2.3 Data Extraction and Quality Evaluation

Two researchers (AM and OC) examined the titles and abstracts. After applying inclusion and exclusion criteria, relevant information was extracted from the selected studies to meet the survey’s requirements.

Reviewing reference lists from previously published review articles led to the inclusion of pertinent studies. We identified seven eligible research articles in their final published form. We extracted only the principal findings relevant to this review’s scope for specific articles.
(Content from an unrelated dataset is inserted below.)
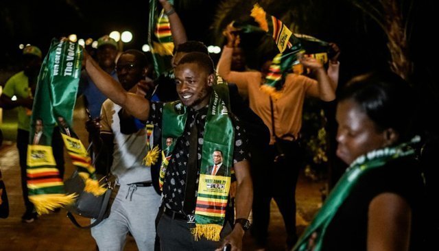 Des militaires étaient visibles à des points névralgiques d'Harare. Un petit groupe de sympathisants de la Zanu-PF dansaient devant l'hôtel Rainbow Towers, qui abrite les bureaux de la commission électorale à Harare.
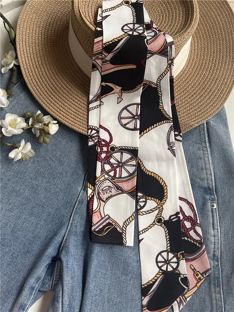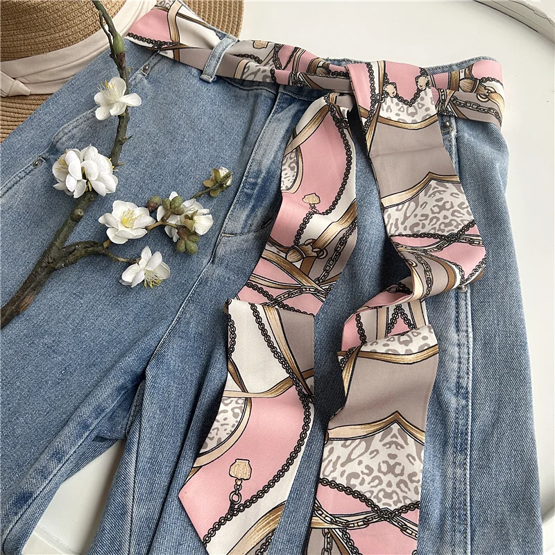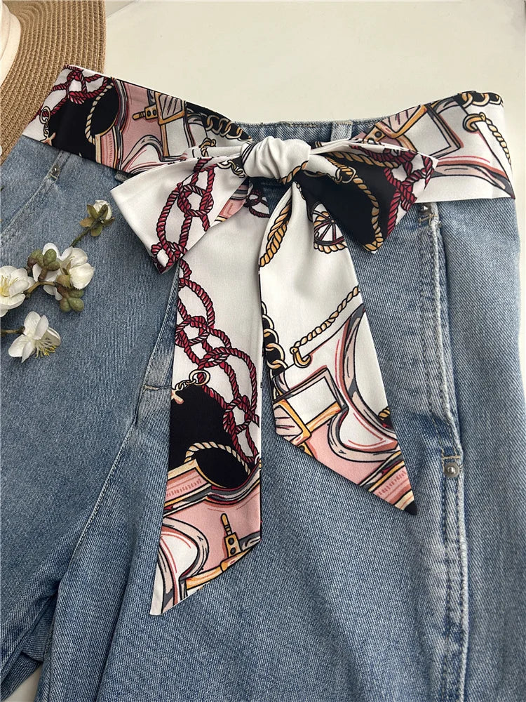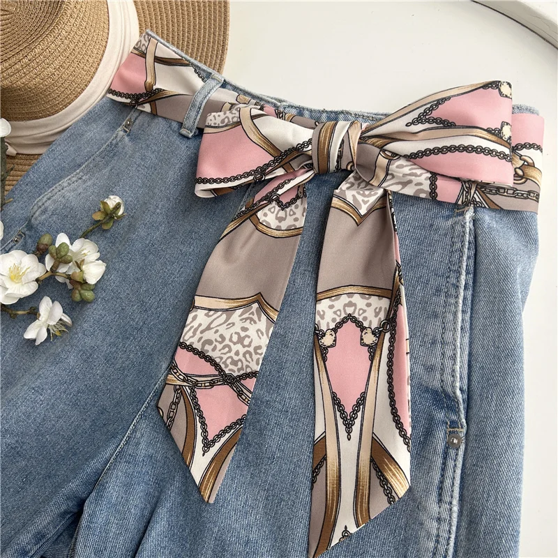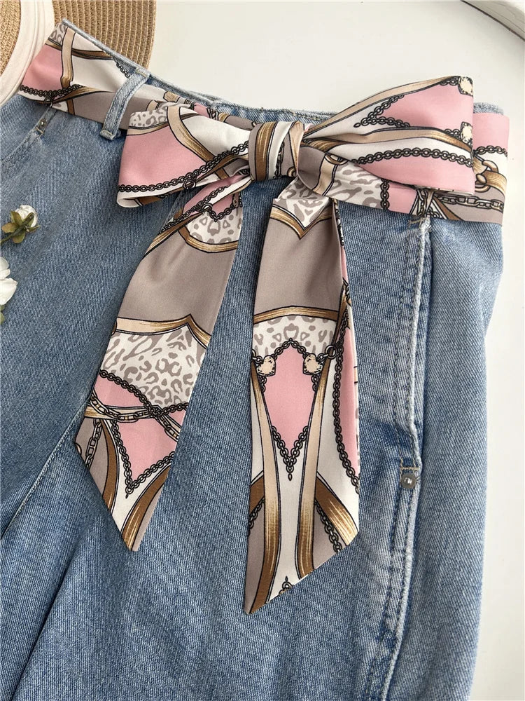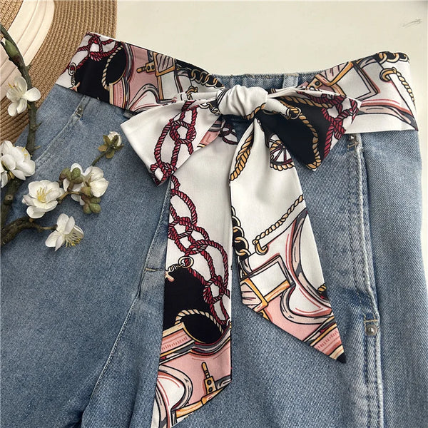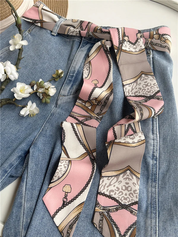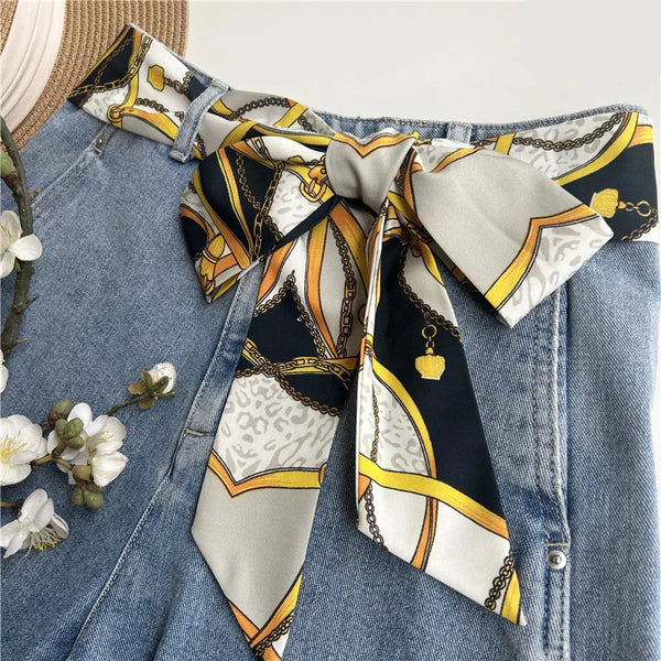 Chic fabric belt for women with geometric design, versatile for dresses, jeans, or as a scarf and headband accessory.

Data extraction tables compiled from the information from the selected articles are presented in Table 1 (Ref. [14, 18, 19, 20, 21, 22, 23]).

Table 1. Characteristics of the included articles evaluating the measuring CysC levels for early diagnosis of CI-AKI in patients who underwent CAG or PCI.
Year Study design Study population CI-AKI diagnosis, n (%) Mean of age, year ± SD (IQR) Gender, male (%) Time of measuring CysC The cut-off point of CysC for predicting CI-AKI Conclusion Reference
2024 Case-control study 88 44 (50) 43–69 - Before and 48 h after PCI 15 ng/mL This study demonstrated that pre-procedural serum levels of CysC effectively predicted the risk of developing CI-AKI post-procedure. [23]
2023 Prospective cohort study 300 25 (8.33) 61.03 ± 5.12 176 (58.6) Before and at 6, 12, 24, 48 h after PCI A 24 h cut-off value of CysC: 1.08 mg/L CysC measurement after 24 h has higher diagnostic sensitivity for early CIN prediction than SCr. [19]
2022 Prospective cohort study 1114 55 (4.94) 66.5–70.5 802 (72) Before and after CAG* 0.92 mg/L CysC is a sensitive biomarker for early prediction of CI-AKI. [20]
2022 Prospective cohort study 341 21 (6.16) 58 (52–64) 245 (71.8) 48 h before PCI 1.03 mg/L According to this study, preoperative CysC levels could predict CIN earlier than SCr, and CysC before PCI was a potential biomarker of renal function following PCI. [14]
2021 Prospective cohort study 41 6 (14.6) 18–80 32 (40) Before and 48 h after CAG - They discovered that the concentration change of SCr is significantly more effective than CysC as an early biomarker in detecting CIN. [21]
2021 Prospective cohort study 45 19 (42.2) 66.8 ± 8.2 30 (66.7) Before and 24 h after CAG 10% increase of CysC level from baseline within 24 h from contrast media exposure The CysC level measured 24 hours after contrast media exposure more sensitively indicates CI-AKI than the SCr level. [18]
2020 Prospective cohort study 713 47 (6.7) 66 ± 11 - 24 h before CAG 1.4 mg/L In 97% of patients, CI-AKI can be ruled out before CAG if the CyC value is less than 1.4 mg/L. [22]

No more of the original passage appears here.